Moskau – Aus russischer Sicht begann das Jahr 2026 mit einem Nackenschlag. Die US-Militäroperation in Venezuela samt der Festnahme von Präsident Nicolás Maduro dürfte Moskaus Einfluss in Lateinamerika erheblich einschränken. Kirill Dmitrijew scheint das jüngste Treiben von US-Präsident Donald Trump mit den Drohungen in Richtung Grönland dennoch zu genießen. Weil er sich davon auch eine Schwächung Europas verspricht.
So würde ihm die Welt wohl gefallen: Kirill Dmitrijew hat als Berater von Wladimir Putin Freude an Donald Trumps Anspruch auf Grönland. © IMAGO / Anadolu Agency
, Pulse of Europe
Der 50-Jährige ist offiziell Sondergesandter von Kreml-Chef Wladimir Putin und zuständig für Investitionen und wirtschaftliche Zusammenarbeit. In seiner Rolle nahm er auch eine wichtige Position bei den russisch-amerikanischen Gesprächen zur Beendigung des Ukraine-Kriegs ein, die trotz der Intensivierung durch Washington noch keinerlei Früchte trugen.
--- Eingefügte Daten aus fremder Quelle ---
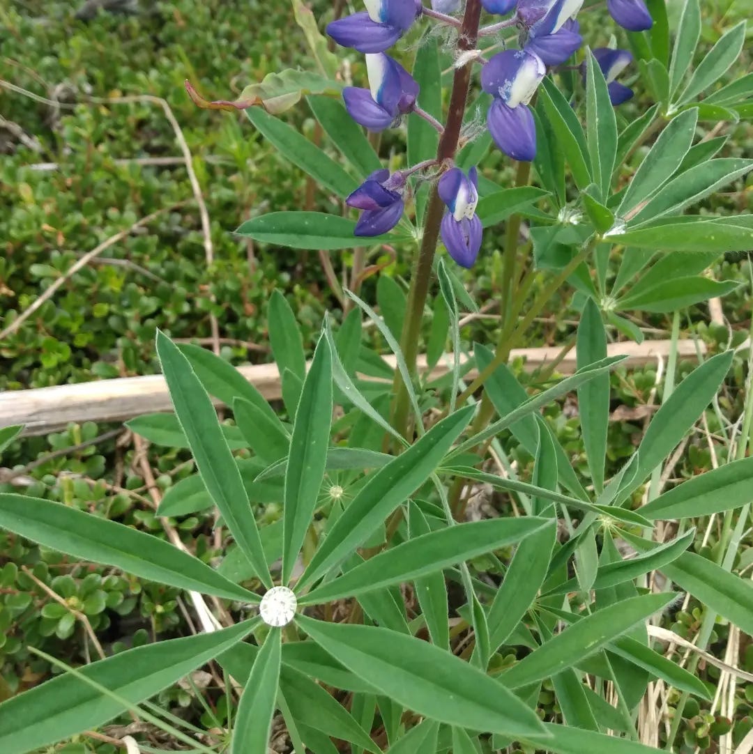 Lupine’s splendor is much to be enjoyed. There is the attraction of the flowers, erect and purple as they spring forth in early summer and the water magic of dewy diamond drops in the leave’s center. It seems all the more romantic to think of ingesting the seeds held within fuzzy pea pods (ok that all sounds more sexier than I’d intended- Lupine erotica anyone?!🤣)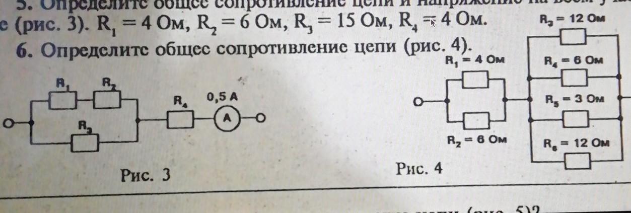 где 2 резистора 1/R=1/4+1/6=5/12 R=12/5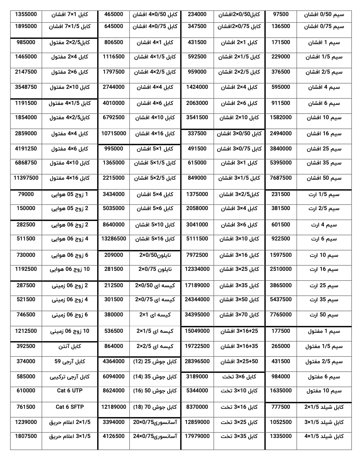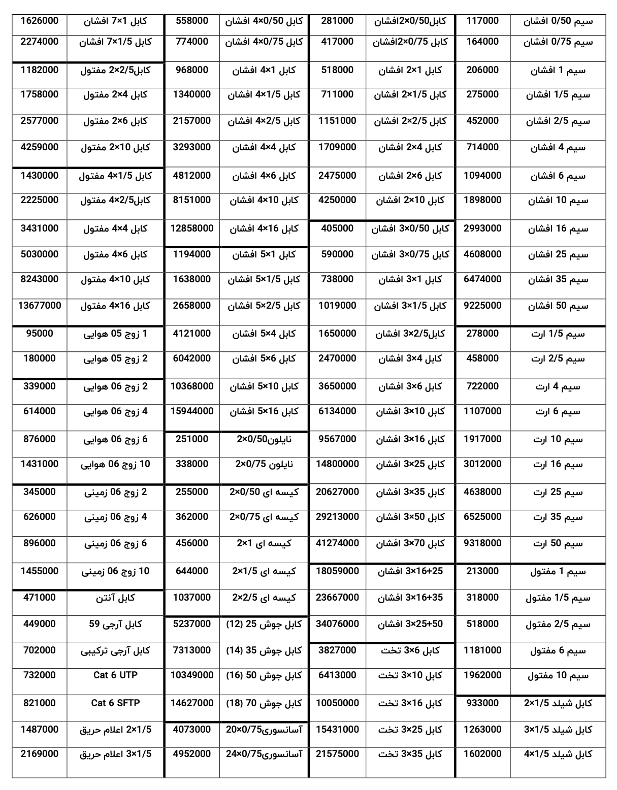 در این لیست، قیمت انواع محصولات از جمله سیم برق کمان، کابل برق کمان، کابلهای افشان، مفتولی و سایر مدلها به تفکیک قابل مشاهده است.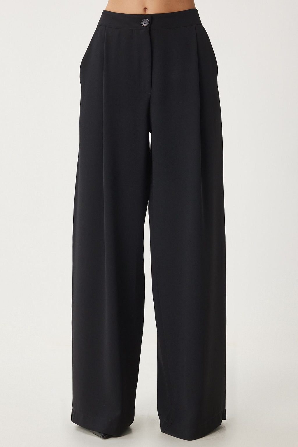 Woman with black pocket weaving palazzo pants ul00052
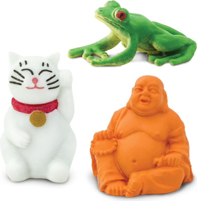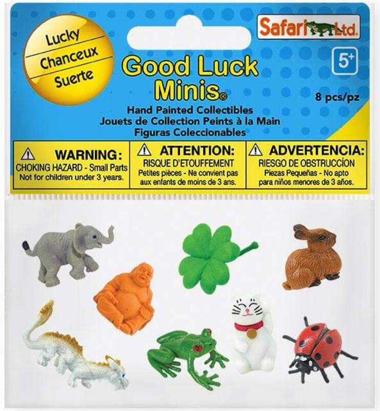 Čo je šťastnejšie ako balíček Lucky Fun Pack figúrok Good Luck Minis®? Tento balíček obsahuje symboly šťastia z kultúr z celého sveta, vrátane: Žaby, Lienky, „Mávajúcej mačky“, Draka pre šťastie, Buddhu, Slona, Králika a Štvorlístka.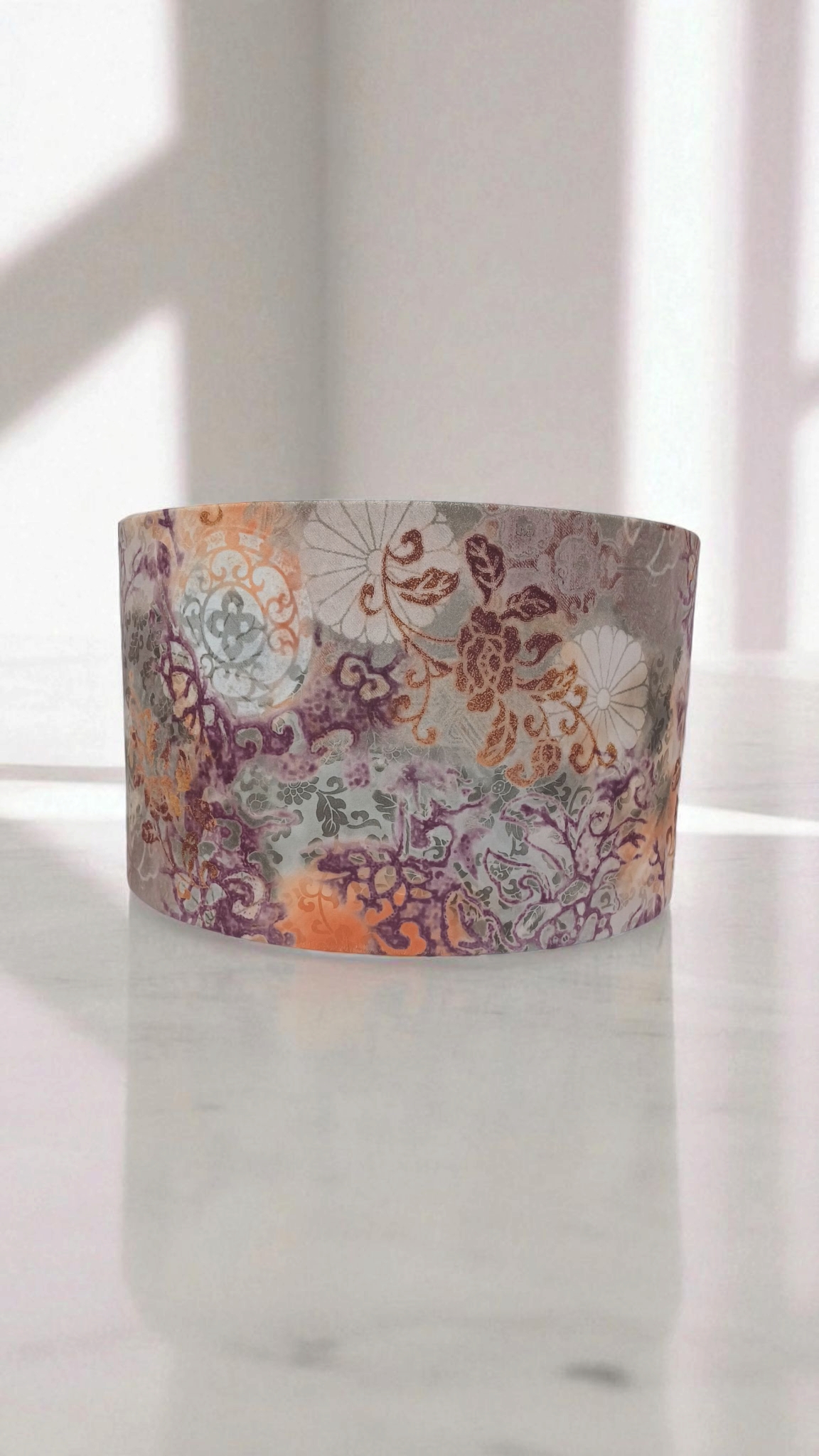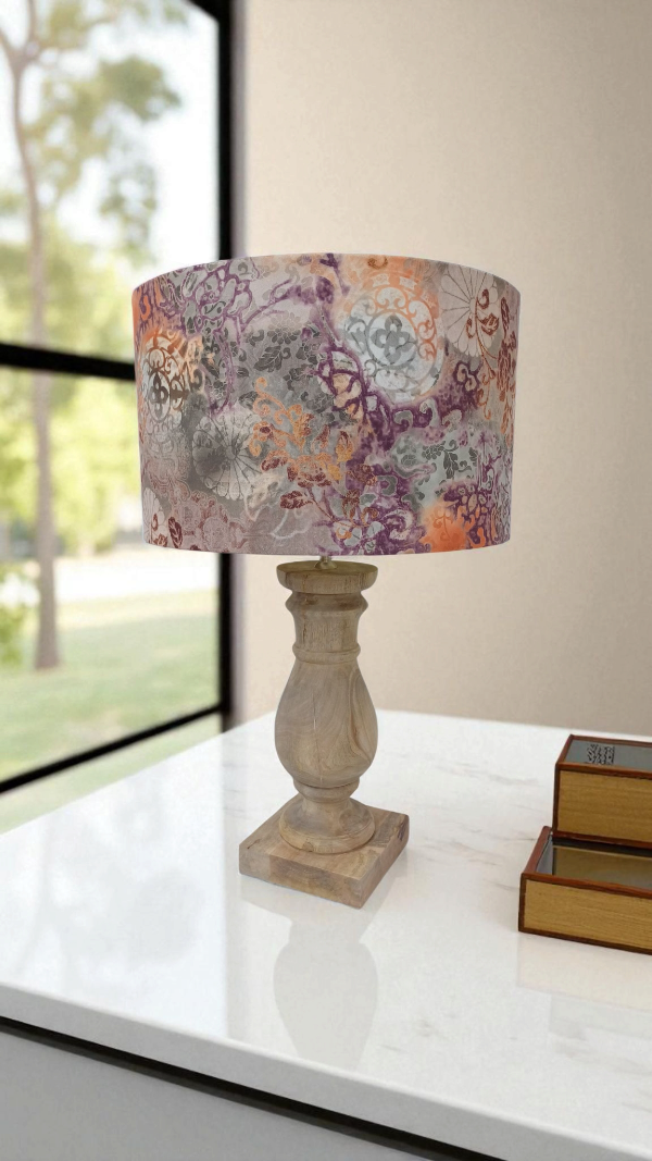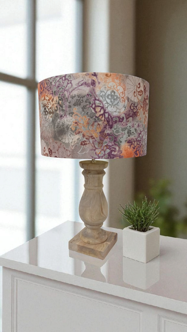 This lampshade is made of high quality velvet fabric with beautiful print and laminated flame retardant gold PVC on the inside.

Putin-Gesandter über Trumps Pläne: „Neugestaltung von Einflussgebieten“
Nun schaut er also umso mehr nach Übersee und kommentiert die jüngsten Entwicklungen ganz im Sinne von Moskaus Machthaber. Beispielsweise den X-Post einer Weltkarte, die die Aufteilung der Regionen zwischen Trump, Putin und Chinas Präsident Xi Jinping suggeriert. Demnach herrscht Washington über ganz Amerika inklusive Grönland, Moskau hat die Macht über Europa und Nordafrika, Peking gehört der beträchtliche Rest: fast ganz Asien südlich von Russland, ein großer Teil Afrikas und Ozeanien.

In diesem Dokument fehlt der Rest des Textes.